In a strategic move to expand its rare disease portfolio, Biogen has secured ex-U.S. rights to zorevunersen, a promising experimental treatment for Dravet syndrome, through a deal with Stoke Therapeutics valued at $165 million upfront.
The agreement, announced on February 18, 2025, grants Biogen exclusive commercialization rights outside the United States, Canada, and Mexico. The partnership includes potential additional payments of up to $385 million tied to development and commercial milestones, along with a cost-sharing arrangement where Biogen will cover 70% of external development expenses.
Zorevunersen, currently preparing to enter Phase 3 clinical trials this year, represents a novel approach to treating Dravet syndrome, with results anticipated in 2027. The drug, classified as an antisense oligonucleotide, works by targeting specific RNA sequences to enhance the expression of sodium channel proteins associated with the rare epileptic condition.
The acquisition aligns with Biogen’s efforts to counteract declining revenues from its established products, including Spinraza and its multiple sclerosis treatments. Under CEO Christopher Viehbacher’s leadership since late 2022, the company has actively pursued strategic acquisitions, including the $7.3 billion purchase of Reata
Pharmaceuticals and a $1.2 billion deal for HI-Bio.
Stifel analyst Paul Matteis views the transaction favorably, noting the natural fit with Biogen’s existing rare neurological disease franchise, which includes Spinraza and Skyclarys. The relatively modest upfront payment could prove advantageous if zorevunersen achieves commercial success, though challenges remain.

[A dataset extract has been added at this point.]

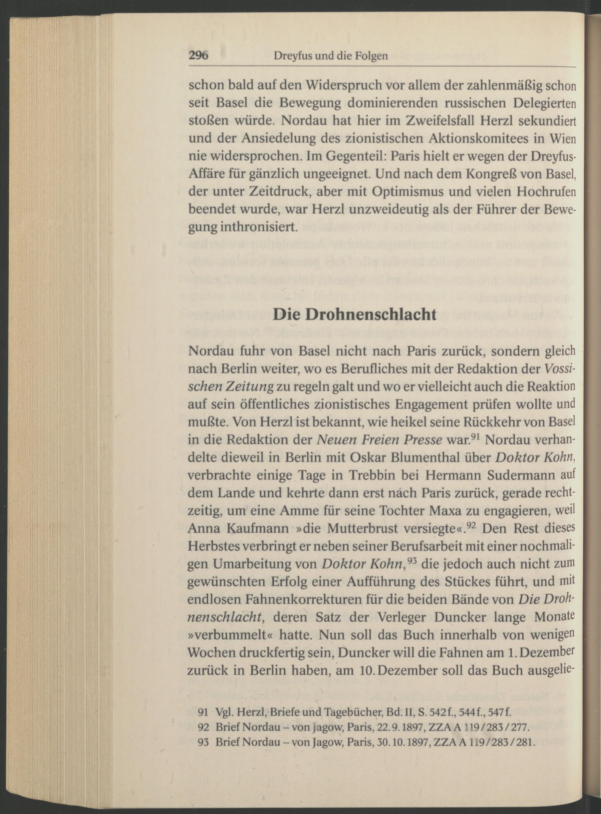 Nordau fuhr von Basel nicht nach Paris zurück, sondern gleich nach Berlin weiter, wo es Berufliches mit der Redaktion der Vossi- schert Zeitung zu regeln galt und wo er vielleicht auch die Reaktion auf sein öffentliches zionistisches Engagement prüfen wollte und mußte. Von Herzl ist bekannt, wie heikel seine Rückkehr von Basel in die Redaktion der Neuen Freien Presse war. 91 Nordau verhandelte dieweil in Berlin mit Oskar Blumenthal über Doktor Kohn, verbrachte einige Tage in Trebbin bei Hermann Sudermann auf dem Lande und kehrte dann erst nach Paris zurück, gerade rechtzeitig, um eine Amme für seine Tochter Maxa zu engagieren, weil Anna Kaufmann »die Mutterbrust versiegte«. 92 Den Rest dieses Herbstes verbringt er neben seiner Berufsarbeit mit einer nochmaligen Umarbeitung von Doktor Kohn, 9Z die jedoch auch nicht zum gewünschten Erfolg einer Aufführung des Stückes führt, und mit endlosen Fahnenkorrekturen für die beiden Bände von Die Drohnenschlacht, deren Satz der Verleger Duncker lange Monate »verbummelt« hatte. Nun soll das Buch innerhalb von wenigen Wochen druckfertig sein, Duncker will die Fahnen am 1 . Dezember zurück in Berlin haben, am 10. Dezember soll das Buch ausgelie-

Physician feedback indicates high efficacy expectations for the drug, with a TD Cowen survey of 25 epilepsy specialists revealing that 60% consider zorevunersen more promising than current Dravet syndrome treatments. However, potential hurdles include its intravenous administration in a market dominated by oral medications and pricing considerations in non-U.S. markets.
Recent clinical data has bolstered confidence in zorevunersen’s potential. Last spring, Stoke reported significant improvements in convulsive seizure frequency reduction compared to placebo in a small trial using high doses of the drug. The company has subsequently reached agreements with regulatory authorities in the United States, Europe, and Japan regarding the design of its upcoming Phase 3 study.

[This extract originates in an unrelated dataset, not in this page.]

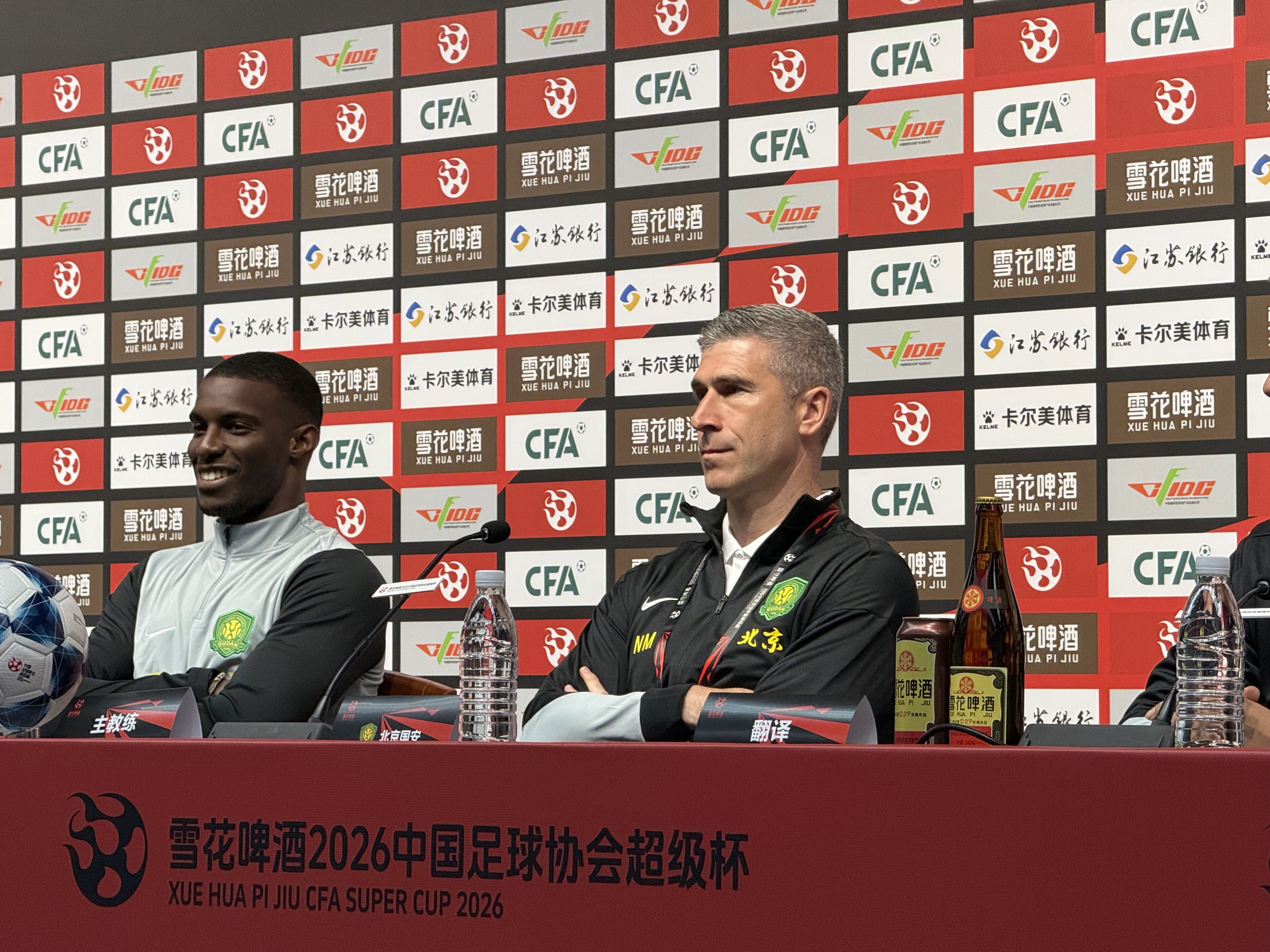 在賽前新聞發(fā)布會上,北京國安隊主教練蒙哥馬利和法比奧先是跟在場的記者開了個玩笑,氣氛十分輕松。而蒙哥馬利與法比奧則是都強調(diào),球隊非常重視且期待明天的比賽。

The targeted patient population for zorevunersen is substantial, with Biogen estimating up to 38,000 people affected by Dravet syndrome across the U.S., U.K., Japan, and several European nations. The condition represents a significant unmet medical need in the rare disease space.
The agreement also includes provisions for Biogen to potentially license rights to related products that employ similar mechanisms of action as zorevunersen. While the deal’s immediate impact on Biogen’s market position may be limited, analysts view it as a strategic addition to the company’s rare disease portfolio.
Despite the announcement, Biogen’s stock remained largely stable during Tuesday morning trading, suggesting investors are taking a measured approach to the long-term potential of this development program. The transaction reflects the ongoing industry trend of larger pharmaceutical companies leveraging partnerships and acquisitions to access innovative therapies, particularly in the rare disease space where unmet medical needs persist.
The success of this collaboration will ultimately depend on
zorevunersen’s performance in late-stage clinical trials and its ability to demonstrate meaningful benefits for patients with Dravet syndrome, a challenging condition that has historically been difficult to treat effectively with existing therapies.